See [`examples/`](examples/) for full programs:
[`basic_kv`](examples/basic_kv.rs),
[`filesystem_meta`](examples/filesystem_meta.rs),
[`session_store`](examples/session_store.rs),
[`s3_metadata`](examples/s3_metadata.rs).

## Architecture

```
┌──────────────────────────────────────────────────────────────┐
│ Public API: Tree, TreeBuilder, TxnBatch, RangeIter           │
├──────────────────────────────────────────────────────────────┤
│ Engine: insert / lookup / erase / range / merge / migrate    │
├──────────────────────────────────────────────────────────────┤
│ Concurrency: HybridLatch (3-mode optimistic / shared / excl) │
├──────────────────────────────────────────────────────────────┤
│ Journal: physiological WAL (11 TxnOp variants) + replay      │
├──────────────────────────────────────────────────────────────┤
│ Store: BufferManager (LRU pin/commit) + BlobFrame (512 KB)   │
├──────────────────────────────────────────────────────────────┤
│ Layout: 9 NodeType variants + bit-packed SlotEntry + Header  │
├──────────────────────────────────────────────────────────────┤
│ Backend: MemoryBackend + PersistentBackend (O_DIRECT / NOCACHE) │
└──────────────────────────────────────────────────────────────┘
```

See [`ARCHITECTURE.md`](ARCHITECTURE.md) for the deep dive.
The design draws on Leis et al.'s ART paper (ICDE 2013) for the
four-node-size scheme and LeanStore (ICDE 2018) for the HybridLatch
contract.

## Not on the roadmap

holt is **just the metadata engine** — single-node, embed-in-
your-process, Unix-only.

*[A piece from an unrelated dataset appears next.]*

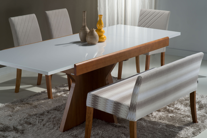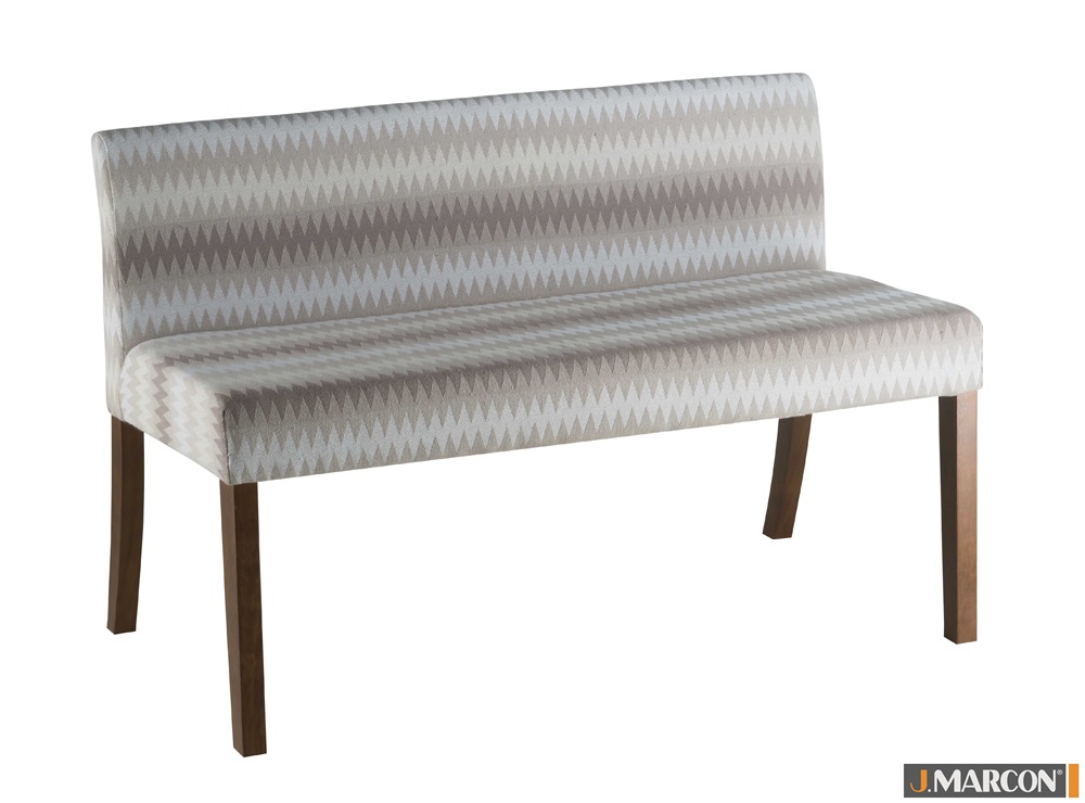 Banco Evidence com estrutura em madeira maciça de eucalipto e assento/encosto estofado com espuma de boa densidade e revestido com tecido.

Out of scope:

- **Windows**`compile_error!`s the crate (Unix `O_DIRECT` /
  `F_NOCACHE` has no Windows analog worth carrying).
- **Object-storage frontend / S3 layer** — no RPC server, no
  multi-tenant bucket registry, no distributed checkpointer.
- **SQL / vector / full-text** — combine with a domain-appropriate
  engine (`+ FAISS` for vectors, `+ Tantivy` for full-text).
- **Replication / consensus** — build above; we'll expose hooks
  (change feed, snapshot transfer) but won't ship Raft.
- **Network server** — this is a library; wrap it in your own RPC.

## License

Licensed under the [MIT licence](LICENSE).